[Exercise] Using the data below, return word for word every line from the one holding "Experience ultimate relaxation" down to the one holding "Questa raccolta è". Leave pictures out.
+ + +
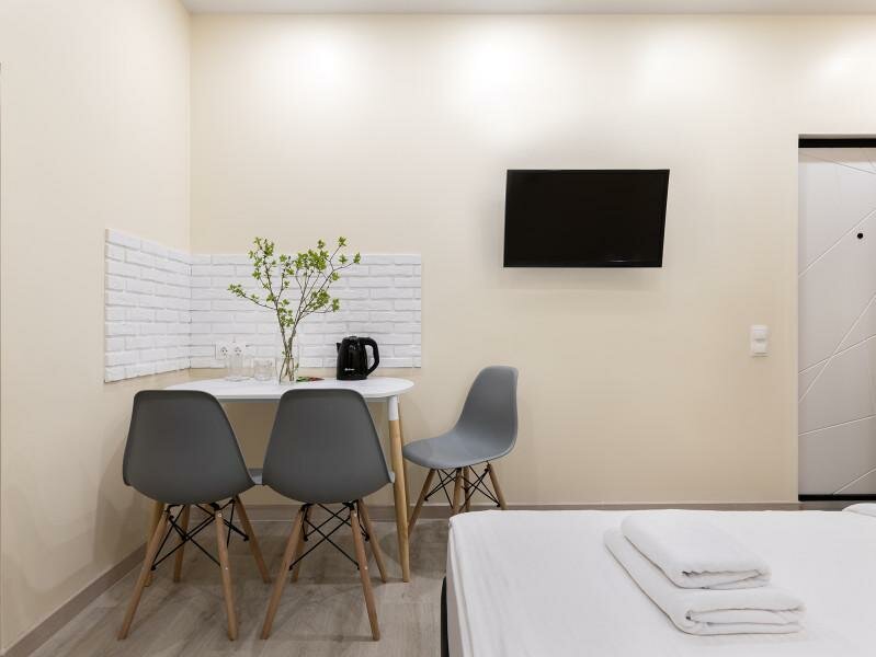 Удобное местоположение, прикольная дистанционная система заезда. Несмотря на то, что апартаменты находятся на 1 этаже, в номере очень тихо. Всё нужное в номере есть, но единственное, хотелось бы, чтобы добавили зубные наборы, их не дают( Конечно это не стоит того, чтобы снимать звёздочку, но надеюсь, что это замечание учтут
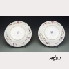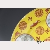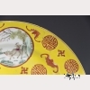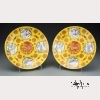 19th century, Tongzhi period. The porcelain plates with an imperial yellow ground, decorated with an iron red central roundel of a dragon chasing a gold flaming pearl, with twelve iron red shou knots of longevity, twelve Buddhist sauvastikas and twelve auspicious bats, with four roundels decorated in famille rose enamels to depict people in landscape settings, the rim with overglaze gold band, the reverse decorated with three famille rose floral sprigs, on a circular foot ring, with four character "jixiang ruyi" mark to the base. Each approx. 1 1/4 by 7 1/2 in. diam., 3.2 by 19 cm. diam.
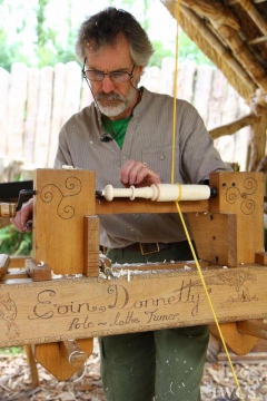 Eoin Donnelly, a carpenter and project coordinator in the Irish National Heritage Park, often demonstrates traditional woodworking in the park. He is also the founder of a group named Muintir na Coille committed to the education and development of sustainable use of local woodland. In this video, Eoin shows how a traditional pole-lathe works, and talks of the ideal based on which the group works.
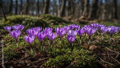 Natural forest scene with blooming wild purple crocus flowers in springtime.
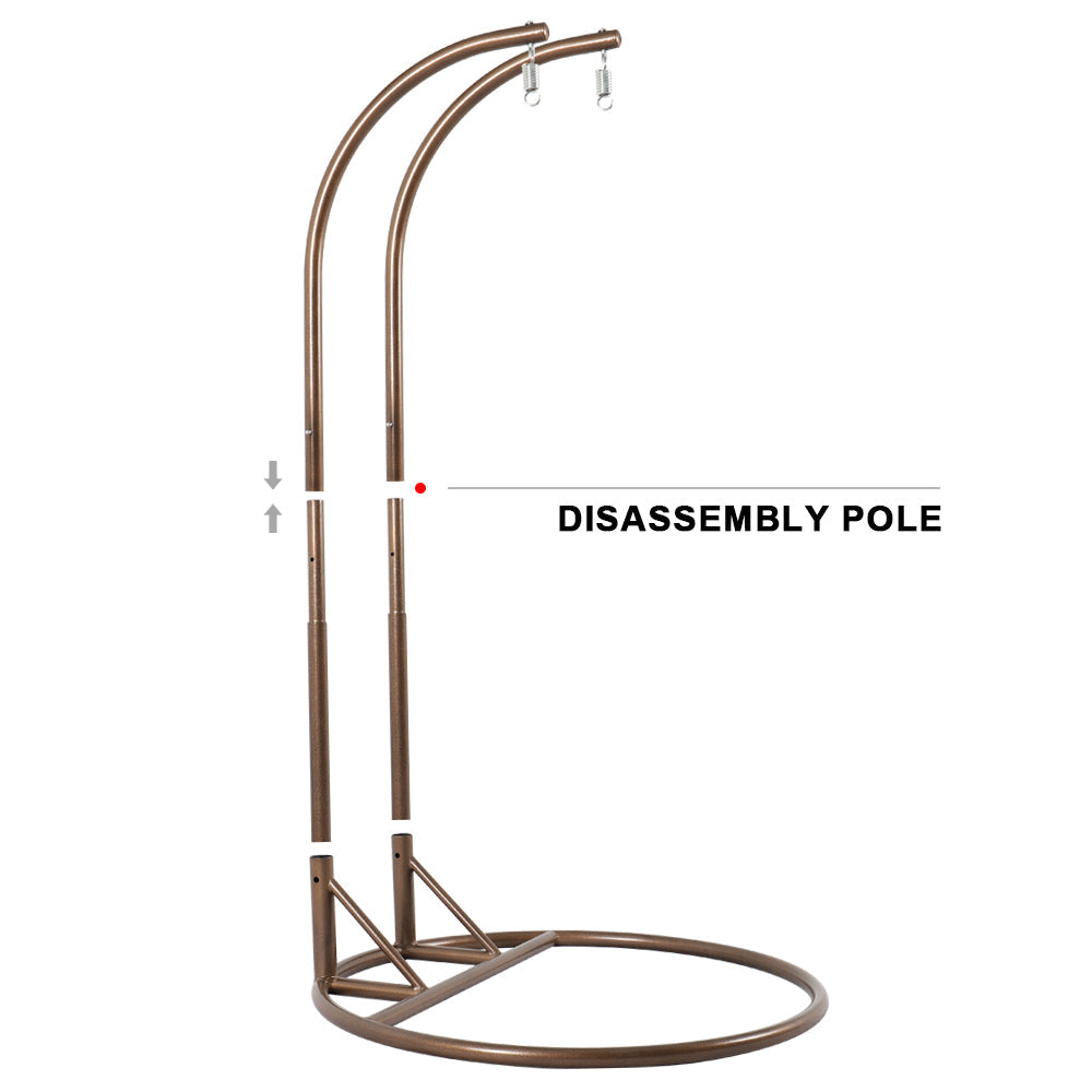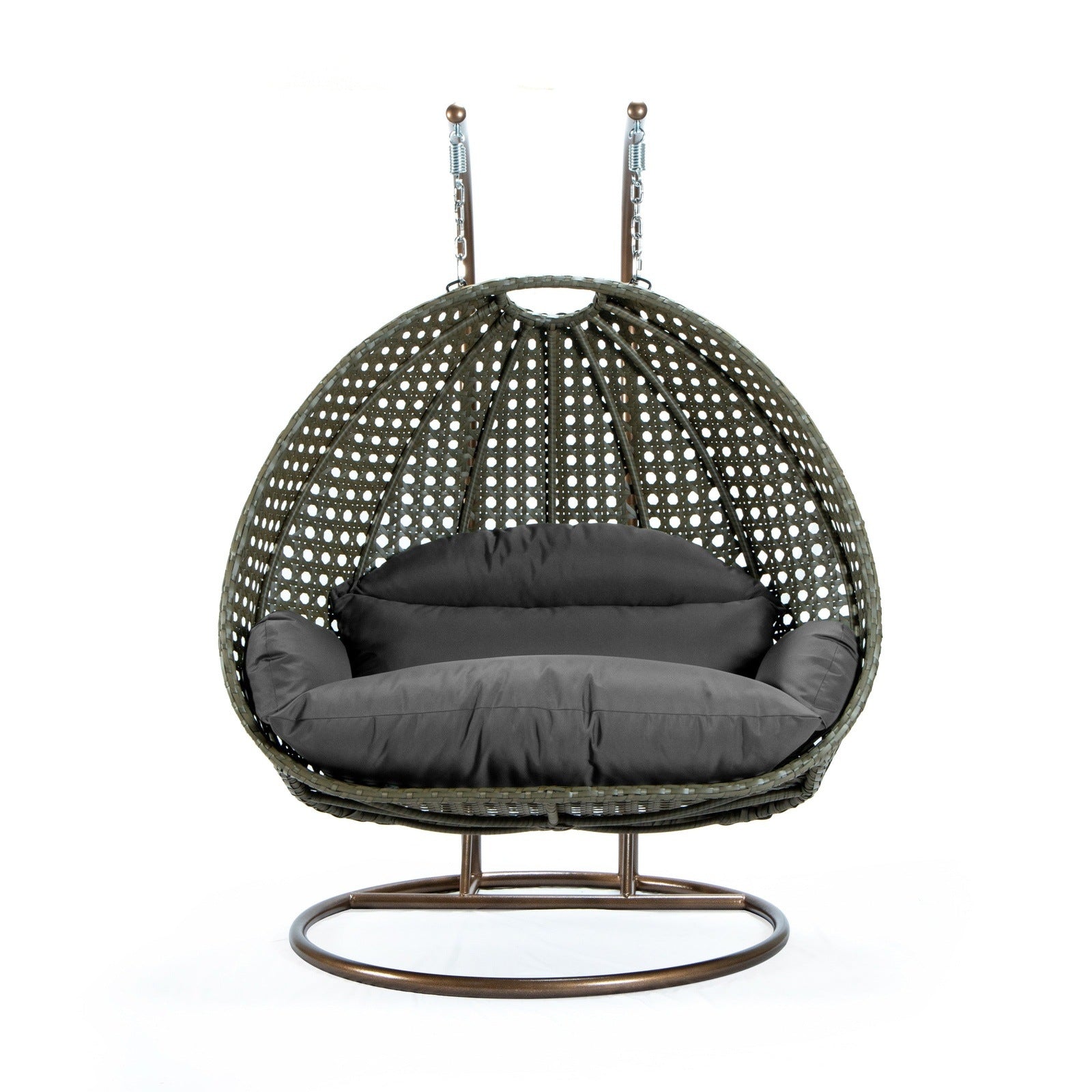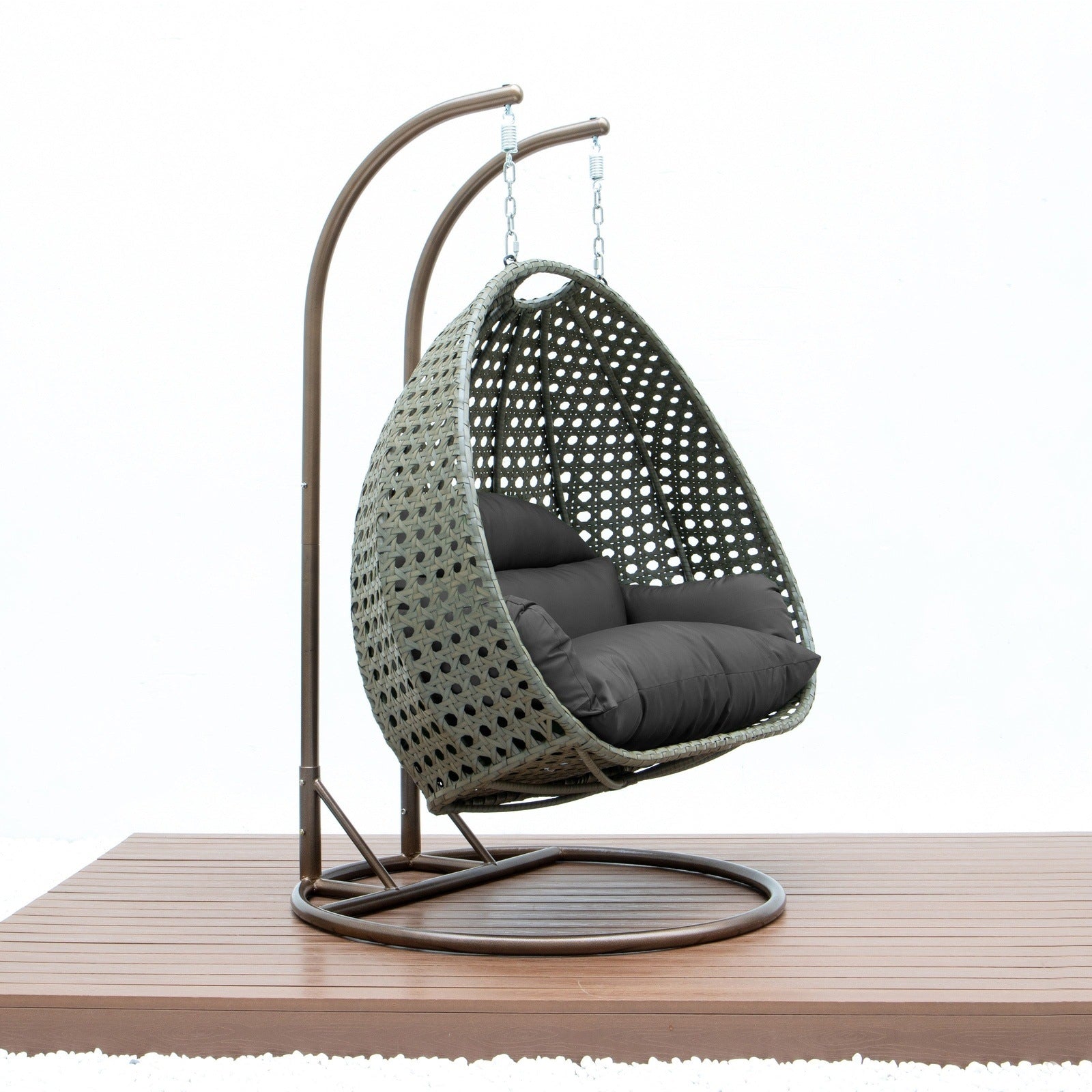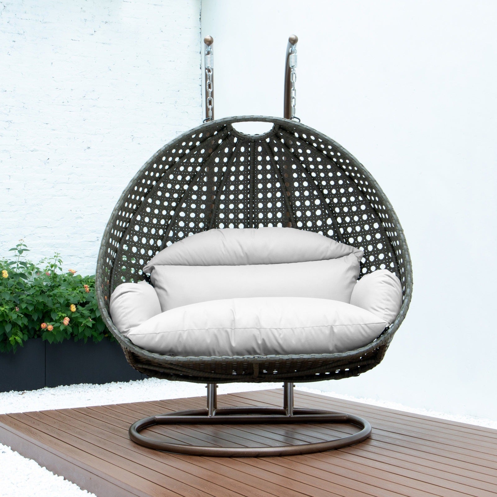Experience ultimate relaxation with this durable, 2-seater egg swing chair, perfect for any weather. Its sturdy iron frame allows for comfortable outdoor lounging, while also providing a cozy spot for indoor reading. Embrace the tranquil beauty of your backyard with this luxurious hanging chair.
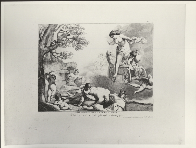 Questa raccolta è preceduta da un frontespizio del Piranesi stesso e comprende dodici tavole incise dal Bartolozzi, tre dal Piranesi stesso, sei incise da Giovanni Ottaviani, due da James Nevay ed altre di diversi autori. La Pinacoteca possiede vari esemplari di tutti questi autori. L'incisione, anche se inserita in questo contesto, secondo Bagni (1990, p. 97) non è derivata da un disegno del Guercino, potrebbe essere ispirata da una terracotta raffigurante Diana ed Endimione dello scultore bolognese Giuseppe Maria Mazza (Bagni 1990, tav. 77). Bagni (1990, tav. 75) rende noto anche un disegno del "falsario" che riprende un dettaglio dell'incisione.
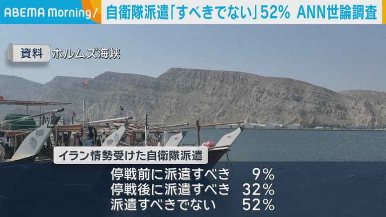 According to a poll conducted by ANN, 52% of Japanese citizens are of the opinion that the Self-Defense Forces (SDF) should not be deployed. The specifics of the deployment in question and the details of the poll have not been disclosed in the headline. The recent poll finding reflects a significant opinion division on Japan's SDF's operations, which has been a recurring topic of national debate.
+ + +
[Task solution]
Experience ultimate relaxation with this durable, 2-seater egg swing chair, perfect for any weather. Its sturdy iron frame allows for comfortable outdoor lounging, while also providing a cozy spot for indoor reading. Embrace the tranquil beauty of your backyard with this luxurious hanging chair.
 Questa raccolta è preceduta da un frontespizio del Piranesi stesso e comprende dodici tavole incise dal Bartolozzi, tre dal Piranesi stesso, sei incise da Giovanni Ottaviani, due da James Nevay ed altre di diversi autori. La Pinacoteca possiede vari esemplari di tutti questi autori. L'incisione, anche se inserita in questo contesto, secondo Bagni (1990, p. 97) non è derivata da un disegno del Guercino, potrebbe essere ispirata da una terracotta raffigurante Diana ed Endimione dello scultore bolognese Giuseppe Maria Mazza (Bagni 1990, tav. 77). Bagni (1990, tav. 75) rende noto anche un disegno del "falsario" che riprende un dettaglio dell'incisione.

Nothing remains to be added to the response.